Patterns of HER2 expression and genomic correlates in lung cancer, with a focus on preanalytical variables impacting immunohistochemical staining results

Aims Fam-trastuzumab deruxtecan-nxki (T-DXd) was recently approved for advanced stage or metastatic solid tumours with human epidermal growth factor receptor 2 (HER2) immunohistochemical (IHC) 3+ staining. Data on HER2 IHC testing and knowledge of genomic correlates in lung cancer are scarce. This study analyses genomic characteristics of HER2-expressing tumours and addresses issues with preanalytical variables for lung cancer specimens. Methods HER2 IHC staining was performed on selected archival cytology and surgical pathology lung cancer specimens for patients eligible for T-DXd therapy. Patient and tumour characteristics and next-generation sequencing (NGS) data were correlated with HER2 IHC results. Results 166 patients with thoracic tumour samples had HER2 expression assessed: 46% were IHC 0, 28% IHC 1+, 13% IHC 2+ and 13% IHC 3+. HER2 IHC scores were overall lower for cytology cell blocks as compared with surgical pathology specimens; 79% of cases with paired specimens had a decrease in their HER2 IHC score from their surgical specimen to their paired cytology specimen. Of specimens with HER2 IHC 3+ and NGS available, only 14% (3/21) had concomitant ERBB2 alterations.
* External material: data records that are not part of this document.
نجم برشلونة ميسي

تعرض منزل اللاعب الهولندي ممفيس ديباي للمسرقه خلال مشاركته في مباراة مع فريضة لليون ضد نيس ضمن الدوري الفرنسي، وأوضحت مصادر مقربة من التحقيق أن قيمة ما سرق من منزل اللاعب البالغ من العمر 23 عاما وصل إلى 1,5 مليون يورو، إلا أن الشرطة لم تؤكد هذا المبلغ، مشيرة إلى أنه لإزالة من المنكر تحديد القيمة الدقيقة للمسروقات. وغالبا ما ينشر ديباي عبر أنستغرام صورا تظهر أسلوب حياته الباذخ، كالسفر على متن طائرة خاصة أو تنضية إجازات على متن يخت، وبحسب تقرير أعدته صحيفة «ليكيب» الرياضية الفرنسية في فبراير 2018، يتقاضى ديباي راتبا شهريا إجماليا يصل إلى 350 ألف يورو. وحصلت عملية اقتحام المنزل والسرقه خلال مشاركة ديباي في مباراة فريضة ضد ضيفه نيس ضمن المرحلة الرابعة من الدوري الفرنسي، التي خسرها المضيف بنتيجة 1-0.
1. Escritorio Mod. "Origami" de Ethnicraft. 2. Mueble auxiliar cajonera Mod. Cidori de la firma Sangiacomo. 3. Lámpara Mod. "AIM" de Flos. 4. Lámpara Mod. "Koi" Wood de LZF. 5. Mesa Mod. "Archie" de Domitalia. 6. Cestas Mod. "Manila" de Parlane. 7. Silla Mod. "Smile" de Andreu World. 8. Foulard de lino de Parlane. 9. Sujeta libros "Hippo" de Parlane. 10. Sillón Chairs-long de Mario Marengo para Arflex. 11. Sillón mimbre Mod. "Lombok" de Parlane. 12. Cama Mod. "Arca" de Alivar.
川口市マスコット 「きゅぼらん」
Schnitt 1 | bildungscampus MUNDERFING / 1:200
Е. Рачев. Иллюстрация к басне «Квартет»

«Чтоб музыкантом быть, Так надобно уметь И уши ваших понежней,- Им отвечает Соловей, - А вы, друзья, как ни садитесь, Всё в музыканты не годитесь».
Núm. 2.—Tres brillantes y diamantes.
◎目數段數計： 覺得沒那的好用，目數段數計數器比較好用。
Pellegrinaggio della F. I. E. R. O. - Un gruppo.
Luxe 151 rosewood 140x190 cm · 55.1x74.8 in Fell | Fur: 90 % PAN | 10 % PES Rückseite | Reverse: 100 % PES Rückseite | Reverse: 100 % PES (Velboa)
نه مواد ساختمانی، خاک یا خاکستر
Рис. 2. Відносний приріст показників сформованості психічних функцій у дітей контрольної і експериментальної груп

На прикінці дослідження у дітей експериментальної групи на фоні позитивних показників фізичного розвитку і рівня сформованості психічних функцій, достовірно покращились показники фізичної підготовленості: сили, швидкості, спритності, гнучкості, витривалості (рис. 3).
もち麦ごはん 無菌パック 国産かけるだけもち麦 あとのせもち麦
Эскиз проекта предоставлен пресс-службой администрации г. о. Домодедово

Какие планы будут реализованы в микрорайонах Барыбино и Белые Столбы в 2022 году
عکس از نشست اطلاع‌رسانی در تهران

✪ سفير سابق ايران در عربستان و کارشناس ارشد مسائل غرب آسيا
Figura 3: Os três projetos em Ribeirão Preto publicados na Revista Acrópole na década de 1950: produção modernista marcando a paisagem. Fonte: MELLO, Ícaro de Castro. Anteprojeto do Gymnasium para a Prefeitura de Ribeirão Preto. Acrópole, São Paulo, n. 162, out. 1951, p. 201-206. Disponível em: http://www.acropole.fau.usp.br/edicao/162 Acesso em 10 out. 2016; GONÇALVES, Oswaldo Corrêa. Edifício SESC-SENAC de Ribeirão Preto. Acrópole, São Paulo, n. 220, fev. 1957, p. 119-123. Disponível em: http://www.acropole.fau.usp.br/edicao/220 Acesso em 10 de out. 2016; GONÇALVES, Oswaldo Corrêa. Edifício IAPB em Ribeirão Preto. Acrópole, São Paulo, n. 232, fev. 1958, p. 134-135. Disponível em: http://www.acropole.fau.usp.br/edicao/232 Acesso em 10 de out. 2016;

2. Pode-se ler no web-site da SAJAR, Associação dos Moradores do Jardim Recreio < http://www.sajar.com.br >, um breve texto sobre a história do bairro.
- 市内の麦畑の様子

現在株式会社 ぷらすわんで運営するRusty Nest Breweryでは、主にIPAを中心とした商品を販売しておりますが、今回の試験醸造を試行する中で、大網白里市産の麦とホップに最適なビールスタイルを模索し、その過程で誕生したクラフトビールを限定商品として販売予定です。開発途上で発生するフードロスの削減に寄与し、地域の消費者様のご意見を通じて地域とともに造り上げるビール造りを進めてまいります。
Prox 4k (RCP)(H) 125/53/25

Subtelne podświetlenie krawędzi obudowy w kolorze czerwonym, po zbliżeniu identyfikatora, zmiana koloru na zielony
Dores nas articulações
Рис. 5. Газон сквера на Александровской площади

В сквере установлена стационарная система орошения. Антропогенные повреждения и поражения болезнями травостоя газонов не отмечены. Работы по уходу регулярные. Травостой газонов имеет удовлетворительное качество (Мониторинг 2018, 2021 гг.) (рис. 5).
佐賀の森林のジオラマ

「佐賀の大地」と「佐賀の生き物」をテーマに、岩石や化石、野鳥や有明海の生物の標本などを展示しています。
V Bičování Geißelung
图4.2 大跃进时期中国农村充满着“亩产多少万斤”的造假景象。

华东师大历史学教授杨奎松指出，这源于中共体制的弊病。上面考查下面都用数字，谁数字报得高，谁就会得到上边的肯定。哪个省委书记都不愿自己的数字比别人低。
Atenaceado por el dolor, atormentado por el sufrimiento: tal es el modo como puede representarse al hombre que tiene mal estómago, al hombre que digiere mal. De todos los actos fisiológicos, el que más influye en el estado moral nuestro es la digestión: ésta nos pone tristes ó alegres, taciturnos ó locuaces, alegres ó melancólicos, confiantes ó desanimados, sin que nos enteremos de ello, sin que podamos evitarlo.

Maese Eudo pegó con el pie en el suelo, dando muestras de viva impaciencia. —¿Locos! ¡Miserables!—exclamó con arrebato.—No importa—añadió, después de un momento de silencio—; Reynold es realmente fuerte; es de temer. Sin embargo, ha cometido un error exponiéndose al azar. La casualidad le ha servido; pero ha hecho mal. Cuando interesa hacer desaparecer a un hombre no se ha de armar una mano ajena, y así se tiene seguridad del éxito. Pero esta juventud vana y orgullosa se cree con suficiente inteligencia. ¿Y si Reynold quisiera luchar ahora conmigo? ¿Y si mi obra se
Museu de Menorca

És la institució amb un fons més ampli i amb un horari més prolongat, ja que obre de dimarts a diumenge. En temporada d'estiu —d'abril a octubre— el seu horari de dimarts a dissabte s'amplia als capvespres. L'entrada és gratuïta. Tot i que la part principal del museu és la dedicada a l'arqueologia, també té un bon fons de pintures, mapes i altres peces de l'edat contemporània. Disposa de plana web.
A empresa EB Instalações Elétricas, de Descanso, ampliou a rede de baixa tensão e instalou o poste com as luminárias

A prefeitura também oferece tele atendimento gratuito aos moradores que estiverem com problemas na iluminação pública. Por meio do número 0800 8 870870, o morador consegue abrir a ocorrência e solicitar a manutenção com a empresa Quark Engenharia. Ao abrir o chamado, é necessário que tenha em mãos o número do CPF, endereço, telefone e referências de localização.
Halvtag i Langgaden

Among all specimens, ERBB2 point mutations were noted in 4% (4/110) and ERBB2 amplification in 3% (3/110). The majority of HER2 3+ cases with paired NGS (17/21, 81%) had non- ERBB2 genomic alterations, including: KRAS , TP53, and STK11 mutations. Conclusions HER2 IHC 3+ is seen in a small but clinically significant proportion of samples and is associated with a variety of co-occurring non-ERBB2 genomic alterations. Preanalytical variables including specimen fixation can significantly impact the assessment of HER2 expression via immunohistochemistry.